If Ben Bernanke thought 2011 was challenging, wait until the presidential campaign heats up in 2012 and the rhetoric really starts to fly.
After two sizable rounds of quantitative easing and a quasi-third-round in the form of the continuing Operation Twist, the 58-year-old second-term chairman of the Federal Reserve Board remains the focal point of virtually every effort to keep a fragile economy on the right track.
“Right now, the political pressure on Ben Bernanke is intense, but I certainly hope he continues his courageous stand and operates the Fed independent of politics,” said Scott Colyer, chief executive and chief investment officer at Advisors Asset Management Inc., a $7.2 billion advisory firm.
Even as observers such as Mr. Colyer believe the ultimate “fix” for the U.S. economy has to come from Congress in the form of fiscal responsibility, the Fed chairman will continue to be seen as the individual with some sort of magical powers to keep the engine stoked.
Of course, with every sideline analysis of what the Fed should or should not be doing, there is the accompanying comments about the limited amount of ammunition Mr. Bernanke actually has at his disposal.
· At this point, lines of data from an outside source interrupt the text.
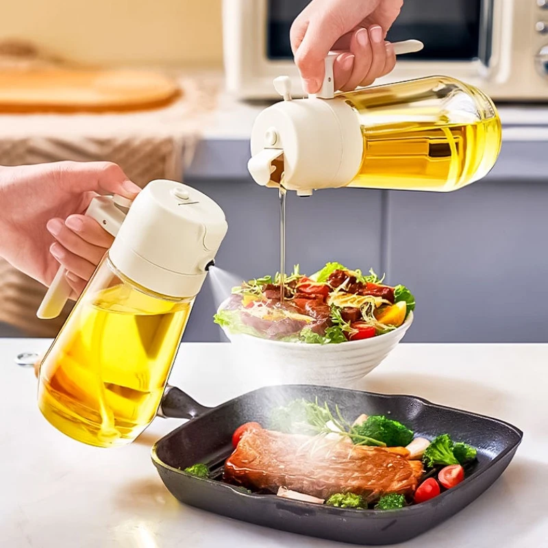 470ML Olive Oil Sprayer Dispenser For Cooking BBQ 2 In 1 Glass Oil Vinegar Soy Sauce Spray Kitchen Oil Bottle For Air Fryer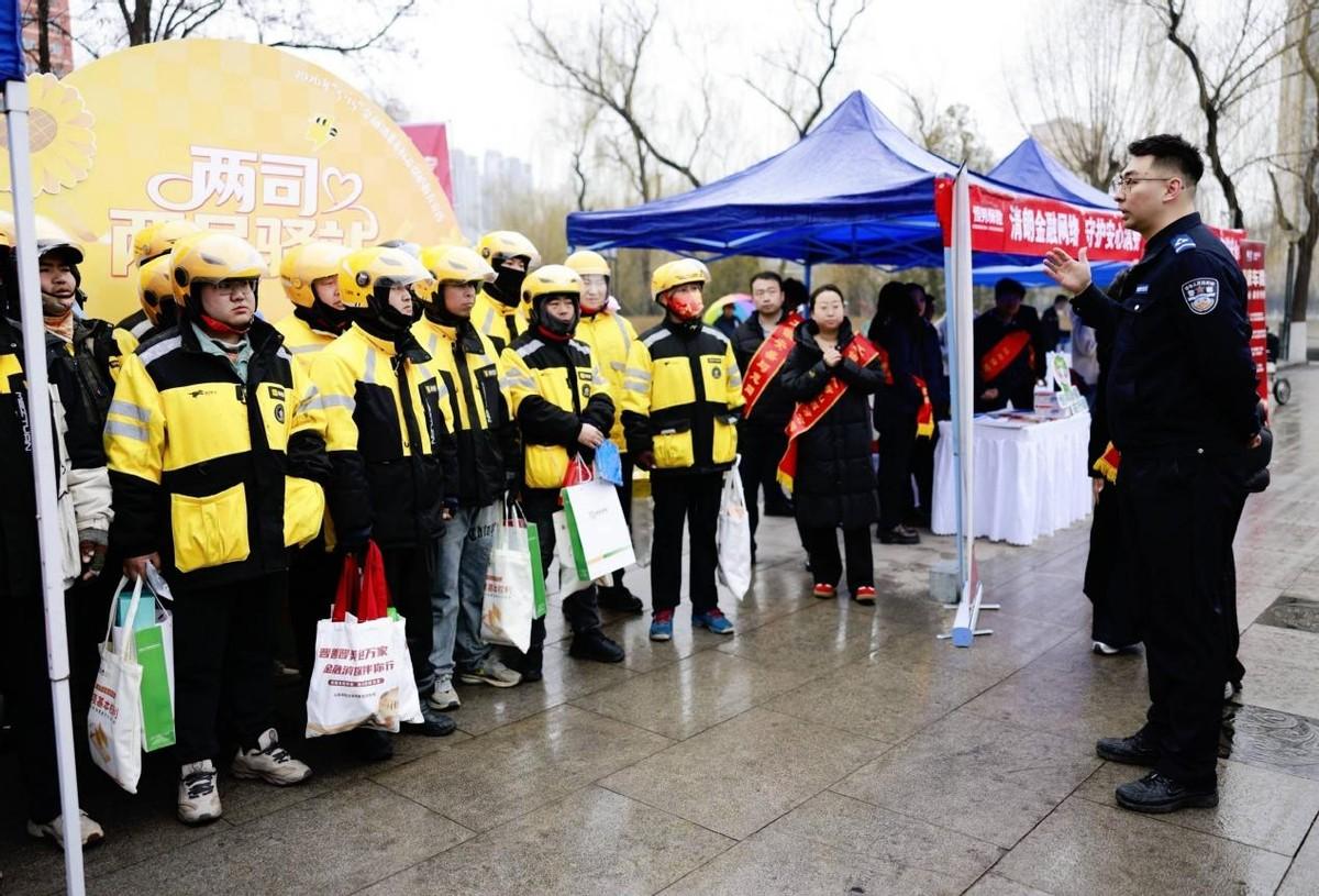针对司机、外卖员等“两司两员”群体,活动特设专属驿站,发放印有风险提示的手机支架、车贴等实用物资,通过展板讲解、反诈民警现场宣讲等形式,精准普及新就业群体常见的网络金融侵害案例与防范技巧。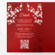 This traditional bilingual Chinese wedding invitation features pretty pink cherry blossoms and a round gold double happiness symbol on a ruby red shimmering background. Bride and groom names in an elegant classic script. Chinese wedding invitation or tea ceremony invitation. With your photo in the center of the tri-fold wedding invitation and a traditional Chinese text at the right inner side. At the backside are the details and a scannable qr code for your wedding website.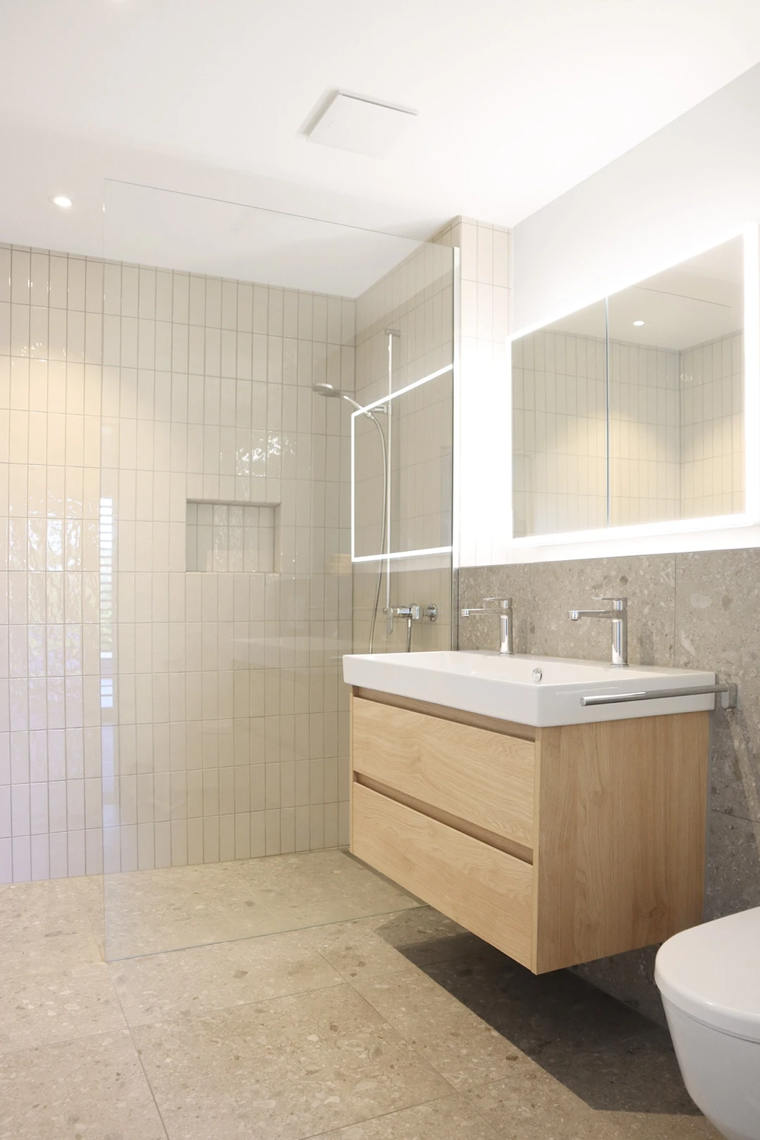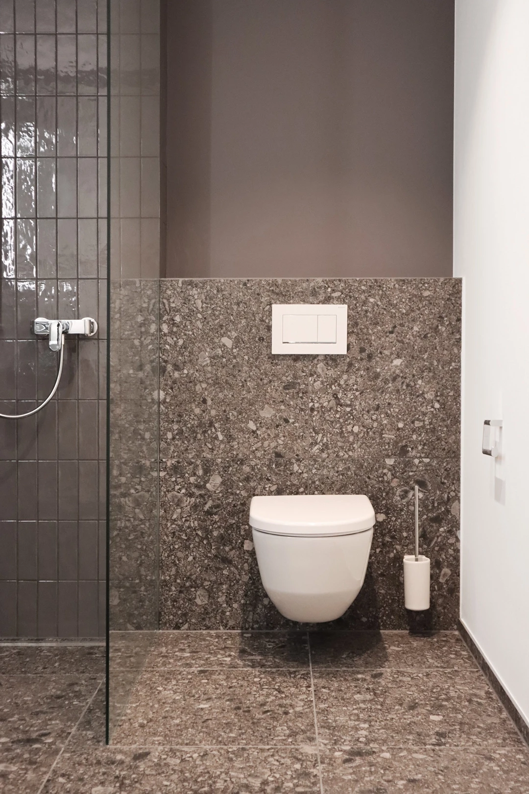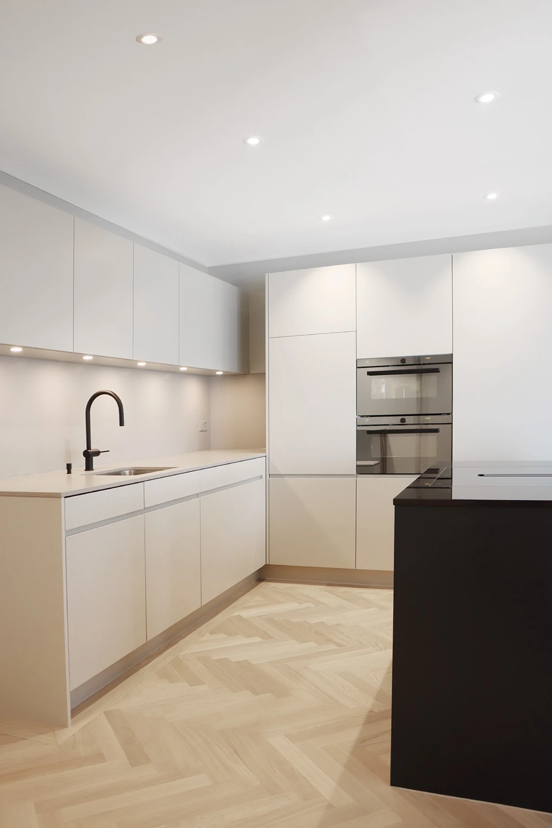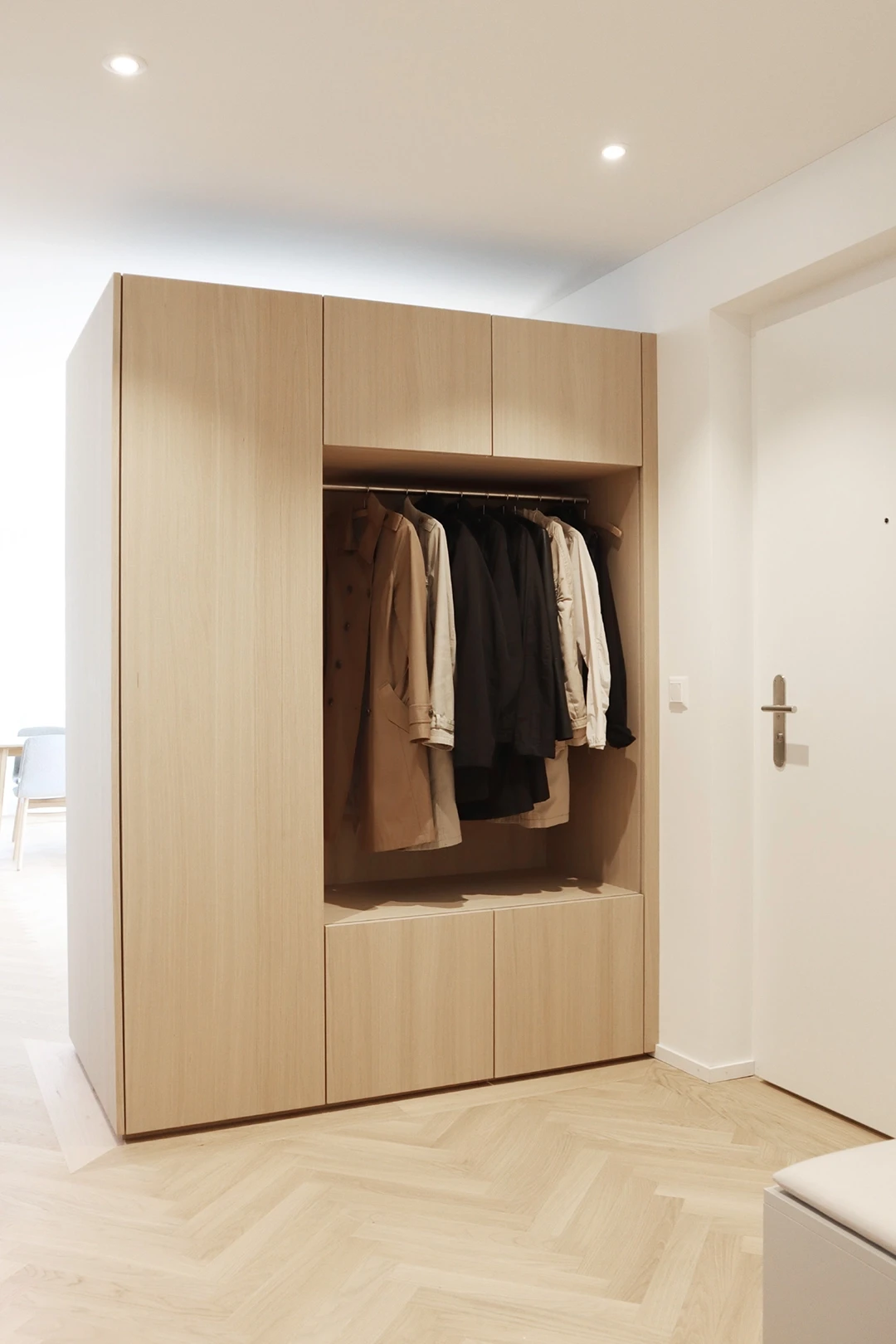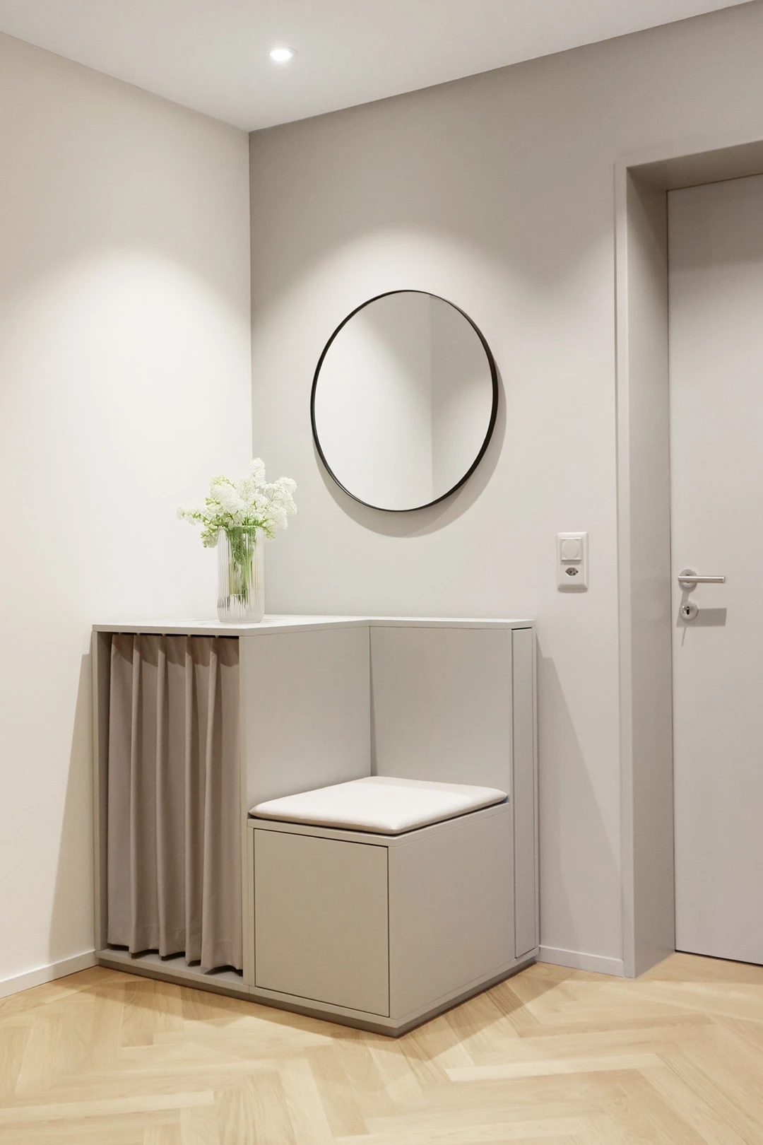 In einer der drei grosszügigen Terrassenwohnungen in Neftenbach wurde ein Interior entwickelt, das Geometrie, Materialität und Licht in Balance bringt. Helle Grautöne treffen auf schwarze Akzente und warme Eiche, die als Möbelkuben über dem Fischgratparkett schweben. Das Resultat ist ein klar gegliedertes Raumkonzept mit Eleganz und Zeitlosigkeit. Farbe und Material Küchendesign Badgestaltung Einbaumöbel

“The Fed is pretty much out of traditional ammunition [in the form of interest rate cuts], and the new ammunition [quantitative easing] is losing its effectiveness,” said William Cheney, an economist with John Hancock Financial Services Inc.
Operation Twist, which involves selling shorter-term debt and buying longer-term bonds to try to drive down yield of longer-term bonds, is the perfect example of that conundrum, according to Mr. Cheney.
“All these policies are also designed to drive investors into riskier assets, but what the economy is really short on is spending, not money,” he said. “The economy really needs a short-term shot in the arm and a long-term plan to rein in spending, but what we're getting right now is the opposite.”
In terms of the Federal Reserve's dual mandate of keeping inflation in check and keeping unemployment low, there is a time when reality and logic should be factored in, according to Mr. Cheney.
“In theory, they should be just as upset about unemployment being too high as they would be about inflation being too high,” Mr. Cheney said. “In order to get any kind of inflation, we would need unemployment to be below 7%,” compared with the current 8.5% range.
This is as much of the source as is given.